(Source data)
^^^^^^^^^^^^^^^^

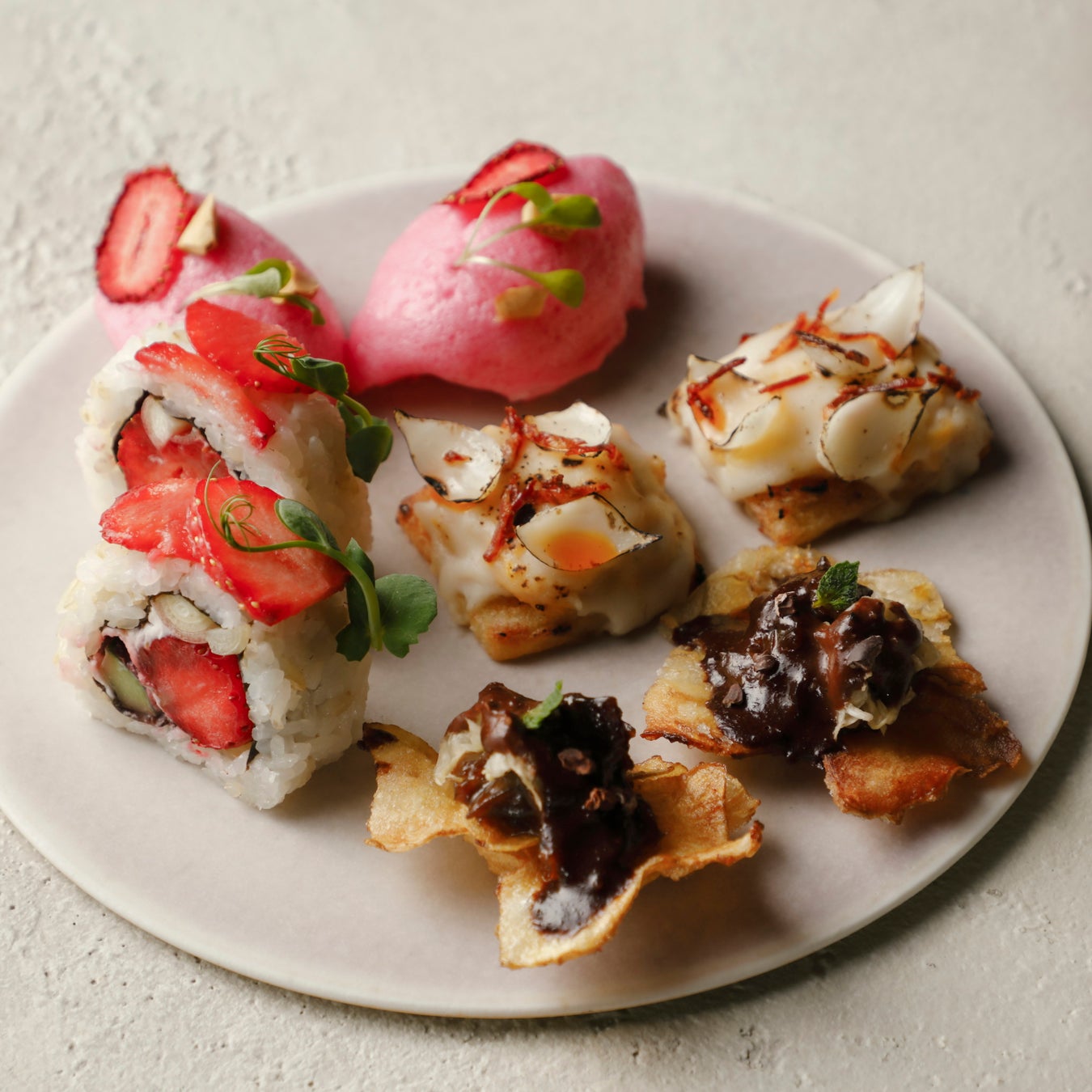 立春の上生菓子(京菓子司「亀屋良長」作)、いちご寿司、牛ほほのバルバコア、甘鯛のいちごギモーブ、ゆり根のグラタン、白みそスコーン、発酵いちごとカカオのスコーン、あまおういちごジャム、甘酒クリーム
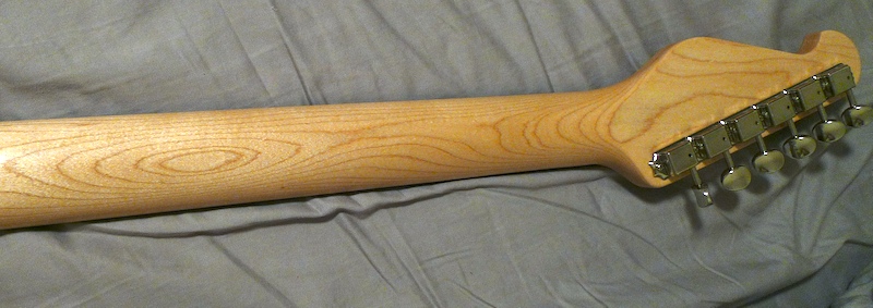 Thanks, that is nice to hear. The neck is a bolt on Warmouth (rosewood over maple, oversized SRV profile, SS frets) that I overlayed the headstock with the same maple as the top layer on the body. The back of the body is mahogany. The pickups are PRS humbuckers.
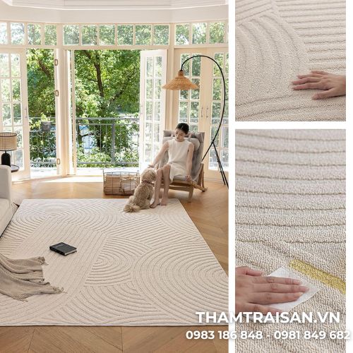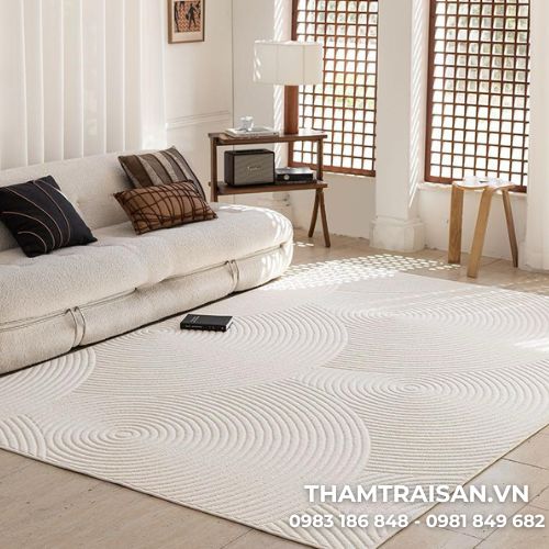Thảm có thể được đặt ở khu vực trung tâm phòng khách, gần ghế sofa hoặc lối đi, vừa đảm bảo an toàn vừa tăng tính thẩm mỹ cho không gian.
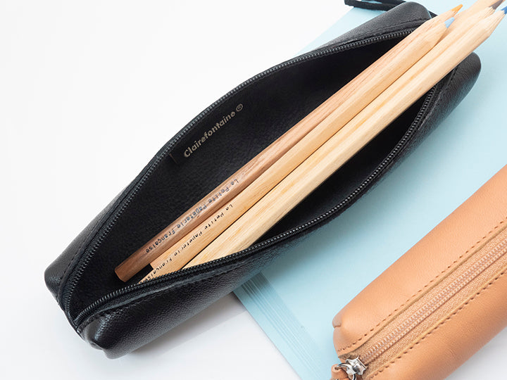 【Clairefontaine|Leather pencil cases】_植鞣小羊皮革拉鍊軟袋 _小方形 _4x2.5x19.5cm
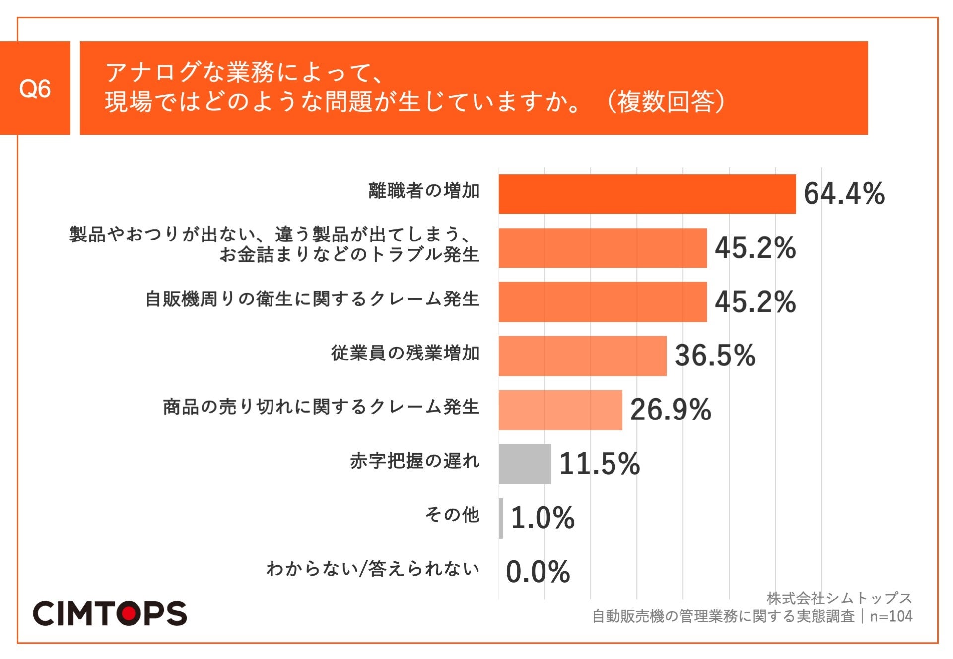 Q2で「アナログな業務はない」「わからない/答えられない」以外を回答した方に、「Q6.アナログな業務によって、現場ではどのような問題が生じていますか。(複数回答)」(n=104)と質問したところ、「離職者の増加」が64.4%、「製品やおつりが出ない、違う製品が出てしまう、お金詰まりなどのトラブル発生」が45.2%、「自販機周りの衛生に関するクレーム発生」が45.2%という回答となりました。
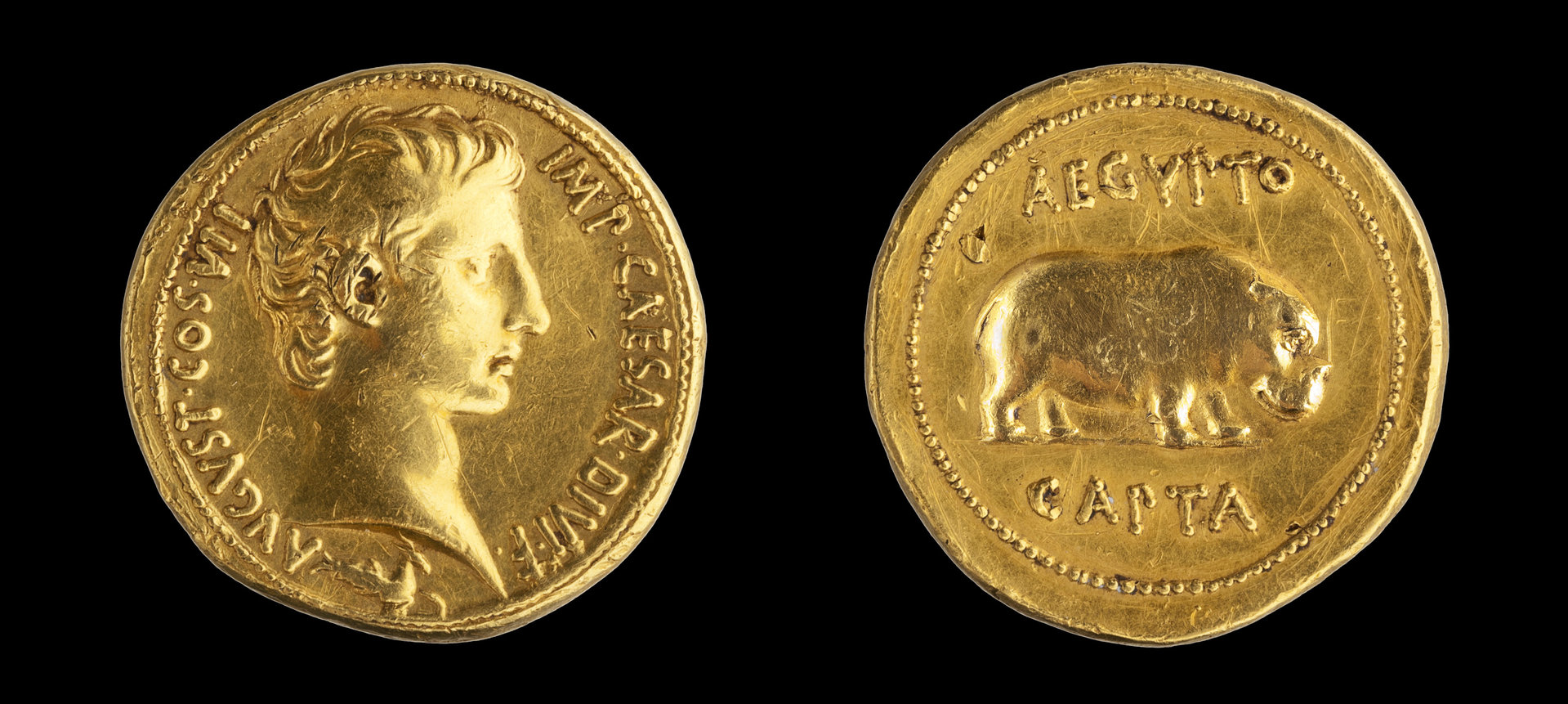 Gold multiples are extremely rare. There are only three known examples from the reign of Augustus, each presenting different typologies, meaning that this quaternion — or four aurei – is unique artefact. These multiples were not used as coins, even though they circulated in the monetary system. They were created to be given as gifts to people close to the emperor. The obverse depicts a young and fresh-faced Octavius accompanied by a small Capricorn, referring to his astrological sign. The legend cites his seventh consulate, allowing us to date its production to 27 BC, precisely when he received the title of Augustus. The style of the portrait suggests that it could have been minted in a Greek workshop in Asia Minor, perhaps Pergamon. The last message of the quaternion is revealed on the reverse: the Egyptian inscription with the words ‘conquered Egypt’ and an hippopotamus, a typical animal from the Nile, commemorate the conquest of Egypt three years before. The annexation of the final kingdom that emerged from Alexander the Great’s legacy was a crucial moment in the rise of Octavius.
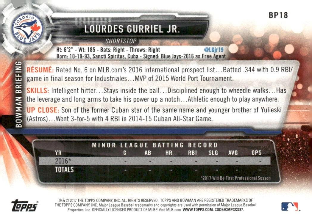 This is a nice example of a 2017 Bowman #BP18 Lourdes Gurriel Jr. Prospects
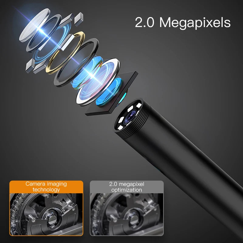 dual lens endoscope inspection camera have 2 pcs 8mm 2.0MP lens that can switch between the two lenses. The most incredible thing is that front lens can provide a 70° angle of view, and all the borescope camera can shoot 1080P HD smooth videos.
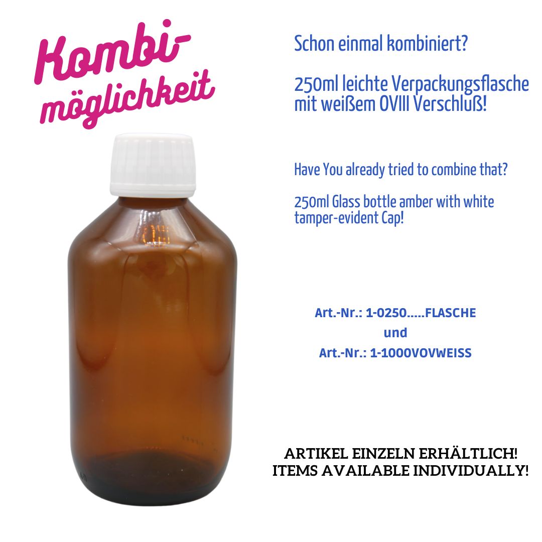 Diese 250 ml leichte Verpackungsflasche ist vielseitig einsetzbar und wird auch als Veral-, Sirup- oder Laborflasche bezeichnet. Sie ist ideal für die sichere Aufbewahrung und den Transport verschiedener Flüssigkeiten. Auch geeignet für kosmetische und pharmazeutische Füllgüter, Ätherische Öle, Extrakte, Essenzen, Küchenzutaten und vieles mehr.
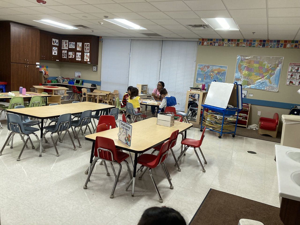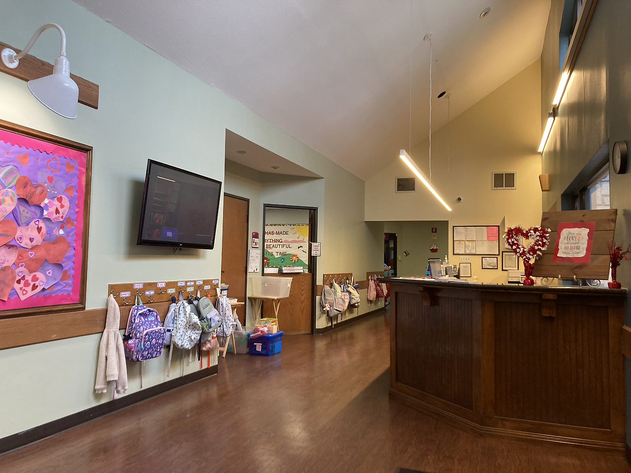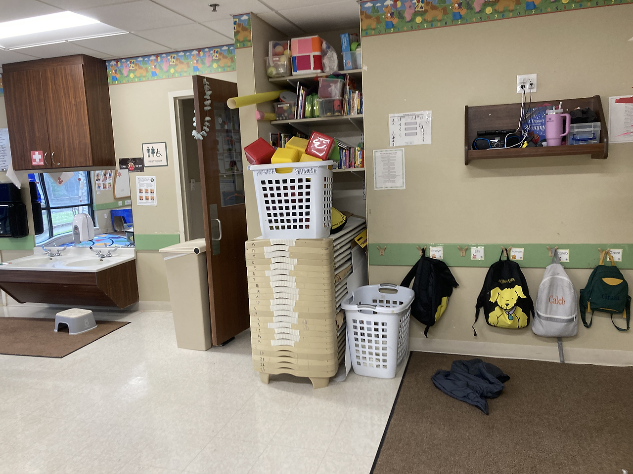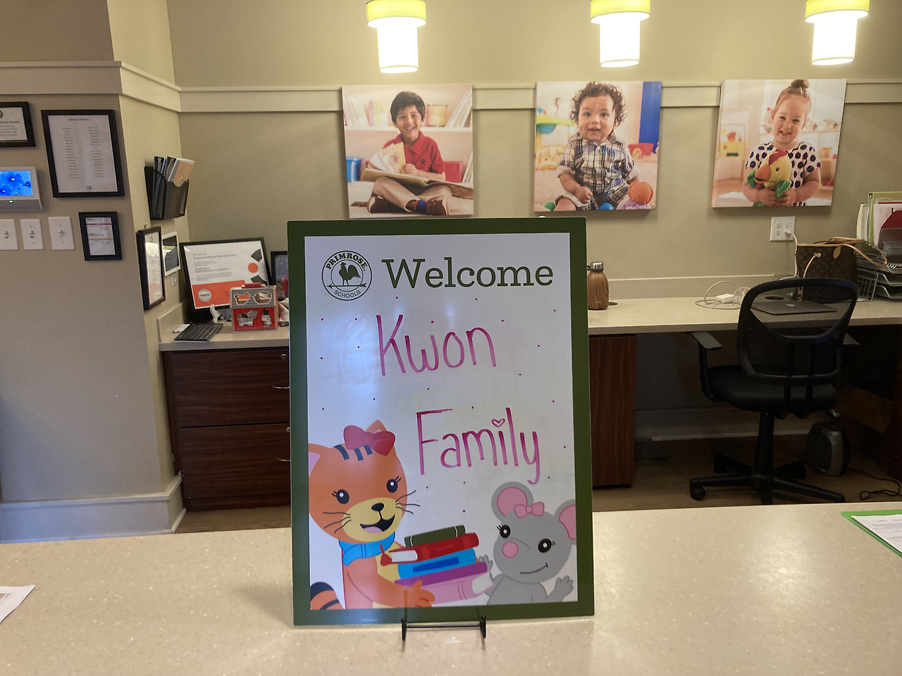 우리 셋을 가장 기분 좋게 반겨준 학교였다. 장점 (예약 시간에 맞춰갔더니) 카운터에 권 패밀리!라고 적어주고 스크린에도 환영한다는 문구가 보였다. 장점 직원들도 모두 밝게 보였고 내부도 매우 깔끔했다. 마침 놀이터 쪽에서 아이들 노는 소리가 들려 잠깐 구경했다. 큰 형님반을 위한 큰 놀이기구는 있었지만 단점 아장 아기들은 작은 공간에서 쪽쪽이만 물고 있어 조금 답답해 보였다. 만 4세 반 교실 내부는 굉장히 넓었고 (뜀뛰기 판을 쌓아 올려놓은 듯한) 간이 낮잠 침대들도 있었다. 첫째는 낮잠을 안 자서 이곳을 선택하지 않았지만 저녁 6시쯤 하원하는 친구들에겐 필요한 시간일 것 같다. 장점 투어 후 울 아가들에게 선물까지 주시는 센스! 덕분에 장난감 하나 없던 집에 소소한 놀잇감들이 생겨 감사했다. 하지만 단점 낮잠뿐만 아니라 월 학비가 너무나 비싸서 고민할 여지도 없이 리스트에서 제외됐다. (명당 월 2000달러... 두 명이면 4000달러... 월급에서 렌트비 빼고 학비 빼면 남는 게.... 무리다 무리)

^^^^^^^^^^^^^^^^

### What you are asked to do:
Return nothing but the lines running from the start of the data to the line with "Q2で「アナログな業務はない", please, both ends included and no pictures.

### Problem solution:
 立春の上生菓子(京菓子司「亀屋良長」作)、いちご寿司、牛ほほのバルバコア、甘鯛のいちごギモーブ、ゆり根のグラタン、白みそスコーン、発酵いちごとカカオのスコーン、あまおういちごジャム、甘酒クリーム
 Thanks, that is nice to hear. The neck is a bolt on Warmouth (rosewood over maple, oversized SRV profile, SS frets) that I overlayed the headstock with the same maple as the top layer on the body. The back of the body is mahogany. The pickups are PRS humbuckers.
Thảm có thể được đặt ở khu vực trung tâm phòng khách, gần ghế sofa hoặc lối đi, vừa đảm bảo an toàn vừa tăng tính thẩm mỹ cho không gian.
 【Clairefontaine|Leather pencil cases】_植鞣小羊皮革拉鍊軟袋 _小方形 _4x2.5x19.5cm
 Q2で「アナログな業務はない」「わからない/答えられない」以外を回答した方に、「Q6.アナログな業務によって、現場ではどのような問題が生じていますか。(複数回答)」(n=104)と質問したところ、「離職者の増加」が64.4%、「製品やおつりが出ない、違う製品が出てしまう、お金詰まりなどのトラブル発生」が45.2%、「自販機周りの衛生に関するクレーム発生」が45.2%という回答となりました。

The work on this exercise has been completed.